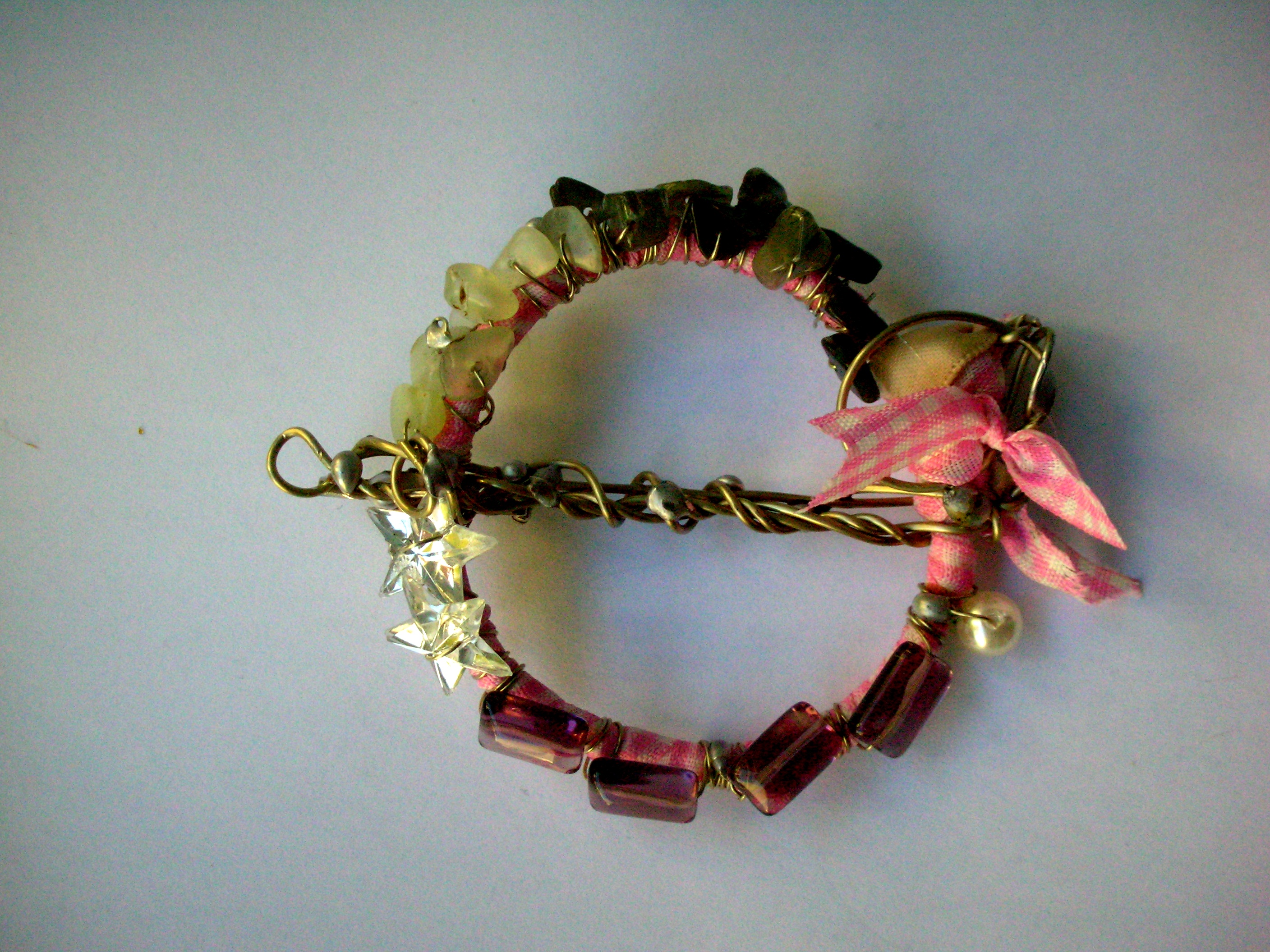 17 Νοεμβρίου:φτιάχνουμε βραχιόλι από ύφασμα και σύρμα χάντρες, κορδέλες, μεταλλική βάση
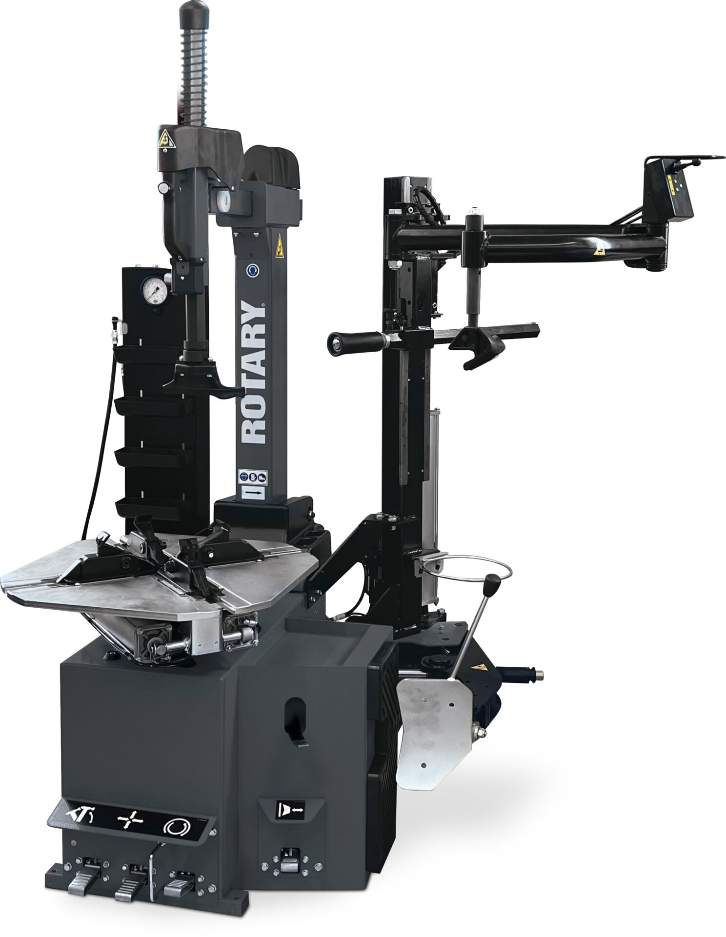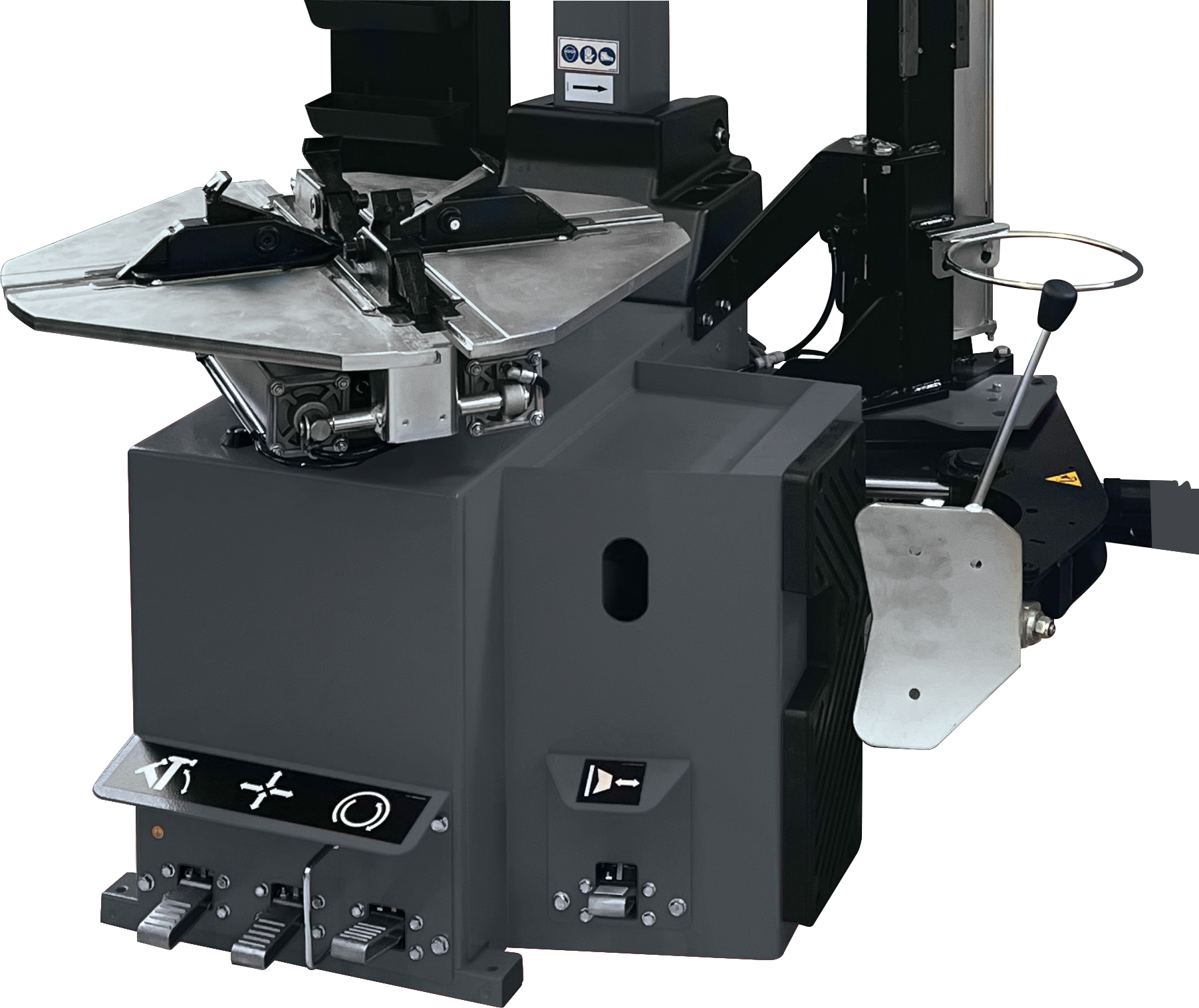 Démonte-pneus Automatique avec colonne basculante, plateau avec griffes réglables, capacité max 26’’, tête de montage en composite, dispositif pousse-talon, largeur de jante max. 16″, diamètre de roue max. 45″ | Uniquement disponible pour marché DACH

==

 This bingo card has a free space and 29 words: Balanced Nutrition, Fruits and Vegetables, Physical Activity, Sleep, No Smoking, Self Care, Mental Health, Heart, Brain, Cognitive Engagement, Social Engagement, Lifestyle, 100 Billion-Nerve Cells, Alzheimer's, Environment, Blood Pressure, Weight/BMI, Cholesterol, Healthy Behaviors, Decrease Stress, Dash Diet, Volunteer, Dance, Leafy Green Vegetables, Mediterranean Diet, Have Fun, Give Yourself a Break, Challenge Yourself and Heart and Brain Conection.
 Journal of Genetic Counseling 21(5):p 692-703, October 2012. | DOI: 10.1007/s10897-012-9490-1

* Instructions for the task:
Please copy the lines above exactly, starting at the line that holds "17 Νοεμβρίου:φτιάχνουμε βραχιόλι" and ending at the line that holds "Démonte-pneus Automatique avec"; include both, but no pictures.

* Result for this task:
 17 Νοεμβρίου:φτιάχνουμε βραχιόλι από ύφασμα και σύρμα χάντρες, κορδέλες, μεταλλική βάση
 Démonte-pneus Automatique avec colonne basculante, plateau avec griffes réglables, capacité max 26’’, tête de montage en composite, dispositif pousse-talon, largeur de jante max. 16″, diamètre de roue max. 45″ | Uniquement disponible pour marché DACH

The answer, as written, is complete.